Stored data:
* * * * * * *
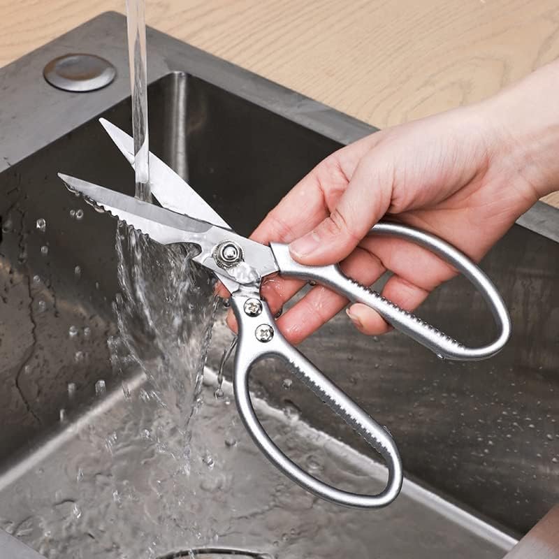 Strong and Durable & Easy To Clean and Maintain: stainless kitchen shears ,the blades have designed grooves to prevent slip when cutting food, making it easier to cut food, Blade Edge Thicker,excellent corrosion resistance, heat resistance, The high quality stainless steel won’t get rusty and Handle with rivet reinforcement handle.Tip: Please do not immerse the scissors into the water and please wipe it dry after cleaning..
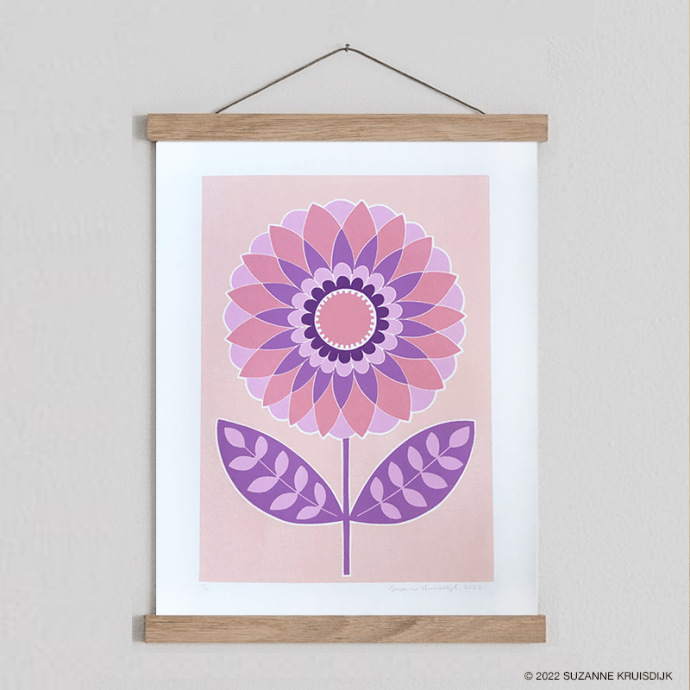 These limited edition linoleum prints are available in 2 color schemes. There is a blue/green and a red/pink version. They are made with a combination of reduction and puzzle technique. Many colors are used in this print, a total of 18 (!) different colours are printed layer upon layer. Each print is individually inked and…
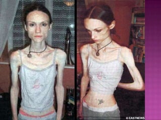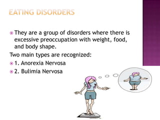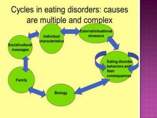 This document discusses eating disorders such as anorexia nervosa and bulimia nervosa. It covers the clinical picture, medical complications, risk factors, comorbidities, prognosis and treatment options. Anorexia is characterized by weight loss and fear of gaining weight while bulimia involves binge eating and compensatory behaviors. Both have higher prevalence in females and can lead to long term medical issues if not properly treated through psychotherapy and medication.
* * * * * * *
Directions:
An exact reproduction of the data above is required, with every picture removed.

Exercise solution:
 Strong and Durable & Easy To Clean and Maintain: stainless kitchen shears ,the blades have designed grooves to prevent slip when cutting food, making it easier to cut food, Blade Edge Thicker,excellent corrosion resistance, heat resistance, The high quality stainless steel won’t get rusty and Handle with rivet reinforcement handle.Tip: Please do not immerse the scissors into the water and please wipe it dry after cleaning..
 These limited edition linoleum prints are available in 2 color schemes. There is a blue/green and a red/pink version. They are made with a combination of reduction and puzzle technique. Many colors are used in this print, a total of 18 (!) different colours are printed layer upon layer. Each print is individually inked and…
 This document discusses eating disorders such as anorexia nervosa and bulimia nervosa. It covers the clinical picture, medical complications, risk factors, comorbidities, prognosis and treatment options. Anorexia is characterized by weight loss and fear of gaining weight while bulimia involves binge eating and compensatory behaviors. Both have higher prevalence in females and can lead to long term medical issues if not properly treated through psychotherapy and medication.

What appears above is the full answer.